Does the conservation of $\frac{\partial L}{\partial\dot{q}_i}$ necessarily require $q_i$ to be cyclic? If a generalized coordinate $q_i$ is cyclic, the conjugate momentum $p_i=\frac{\partial L}{\partial\dot{q}_i}$ is conserved. 
Is the converse also true? To state more explicitly, if a conjugate momentum $$p_i=\frac{\partial L}{\partial\dot{q}_i}=C_1\tag{1}$$ is conserved, will $q_i$ be necessarily cyclic? If we integrate $(1)$, we get $$L=C_1(q_i,\dot{q}_i)\dot{q}_i+C_2(q_i) q_i\tag{2}$$ From $(2)$, it is evident that the conservation of $p_i$ does not necessarily imply $q_i$ is cyclic. $q_i$ is cyclic only if $C_2=0$ which is only a special case.
Assuming my little observation is correct what is an example (perhaps a physical one) of such a situation i.e., a conserved $p_i$ with a non-cyclic $q_i$? I cannot immediately think of one.
 A: THEOREM. Assume that $L(t,q, \dot{q})$ is jointly $C^2$ in the considered coordinate patch and the Hessian matrix  of coefficients $\frac{\partial^2 L}{\partial q^r \partial q^s}$ is everywhere non-singular.
Then, $p_k$ is a constant of motion (it is constant along every solution of EL equations) if and only if $q^k$ is cyclic ($\frac{\partial L}{\partial q^k}(t,q,\dot{q})=0$
for every choice of $t,q,\dot{q}$).
PROOF. If  $L(t,q, \dot{q})$ is jointly $C^2$ and the Hessian matrix  of coefficients $\frac{\partial^2 L}{\partial q^r \partial q^s}$ is non-singular, then for every choice of initial conditions $(t_0, q(t_0), \dot{q}(t_0))$ there is a  local  solution of EL equations satisfying those initial conditions (requiring for instance $C^3$ this solution turns out to be maximal and unique).  Let us pass to the main statement.
If $\frac{\partial L}{\partial q^k}=0$ for every $(t, q, \dot{q})$, then every solution
$t \mapsto (t, q(t), \dot{q}(t))=:\gamma(t)$
of EL equations
$$\frac{d}{dt}\left( \frac{\partial L}{\partial \dot{q}}|_{\gamma(t)}\right)= \frac{\partial L}{\partial q^k}|_{\gamma(t)}\:, \quad \frac{dq^k}{dt}|_{\gamma(t)} = \dot{q}(t)$$
satisfies
$$\frac{dp_k|_\gamma(t)}{dt}=\frac{d}{dt}\left( \frac{\partial L}{\partial \dot{q}}|_{\gamma(t)}\right)=0$$
so that $p_k$ is a constant of motion.
Vice versa, if for every solution $\gamma$ it holds
$$\frac{d}{dt}\left( \frac{\partial L}{\partial \dot{q}}|_{\gamma(t)}\right)=0\:,$$
form EL equations we also have that
$$\frac{\partial L}{\partial q^k}|_{\gamma(t)}=0\:.$$
To conclude, fix a kinetical state $(t,q,\dot{q})$. We know that there is a solution of EL equations which admits that state as initial conditions. Therefore, evaluating $p_k$ along that solution at time $t$,
$$\frac{\partial L}{\partial q^k}(t,q,\dot{q})\left(=\frac{dp_k|_\gamma(t)}{dt}\right)=0\:,$$
for every choice of $t,q,\dot{q}$.    $\Box$
A: *

*The title question (v2) fails e.g. for static Lagrangians $L(q)$ independent of $\dot{q}$. 

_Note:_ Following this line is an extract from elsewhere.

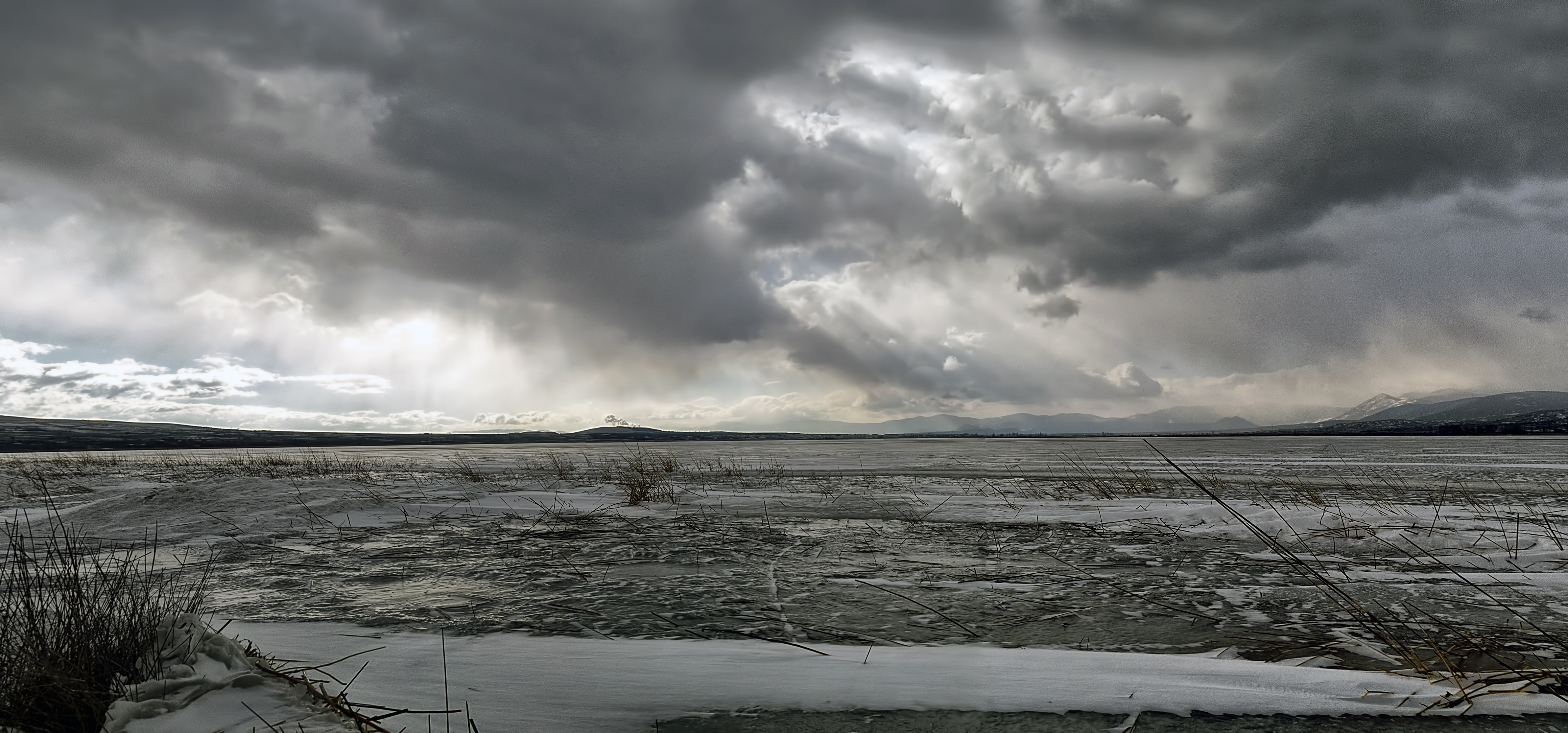 This is a photography of Natura 2000 protected area with ID GR1340007
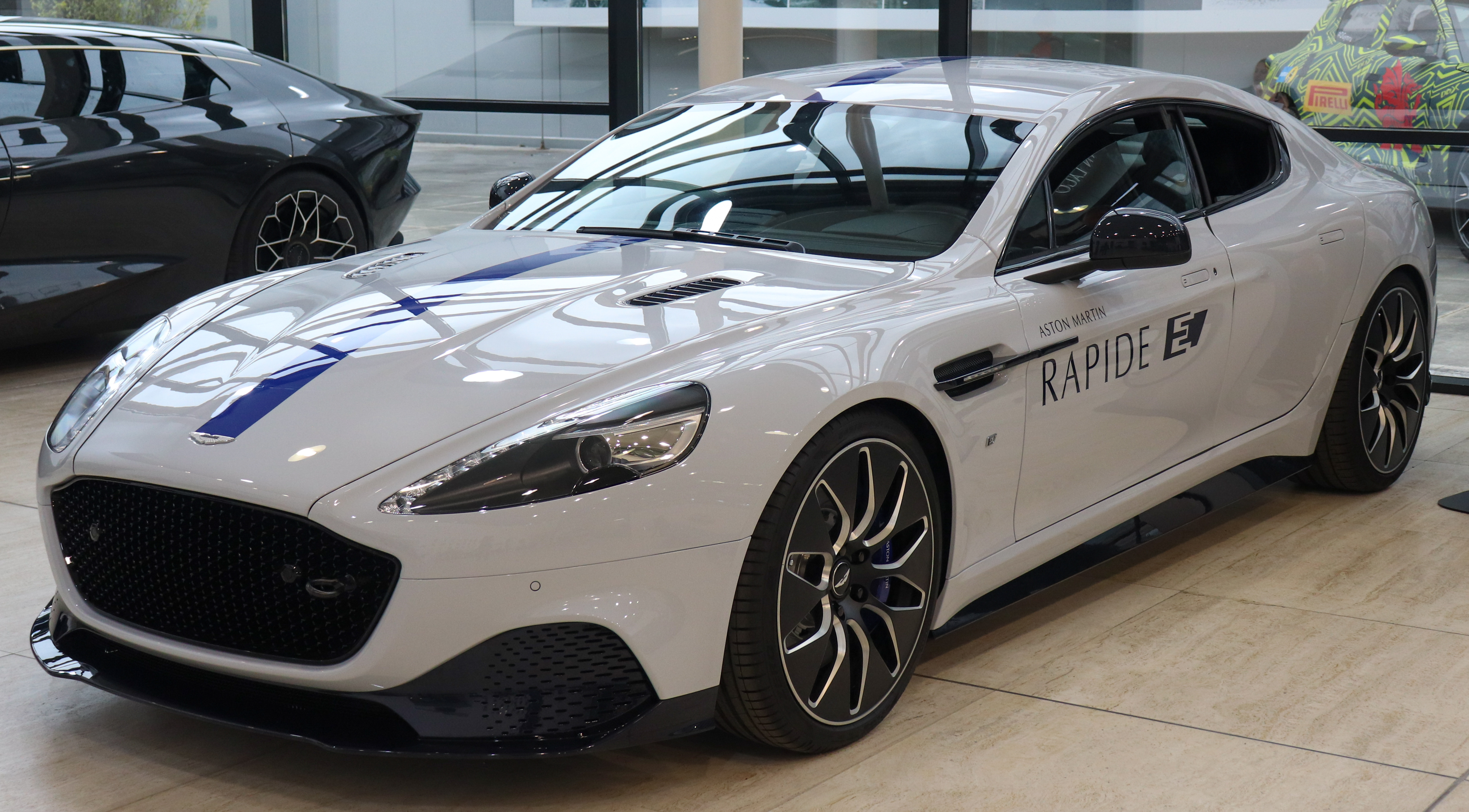 2019 Aston Martin RapidE Taken at the Aston Martin Lagonda factory, Gaydon

*More generally, the title question essentially asks about the possible existence of an inverse Noether theorem, see e.g. this Phys.SE post.

*One cannot naively integrate on-shell equations $\frac{\partial L}{\partial \dot{q}^j}~\approx~c_j$ to deduce an off-shell Lagrangian $L$ (even if $L$ is known to exists). 

*Still not convinced? Try to work out what happens in the case of a free non-relativistic particle.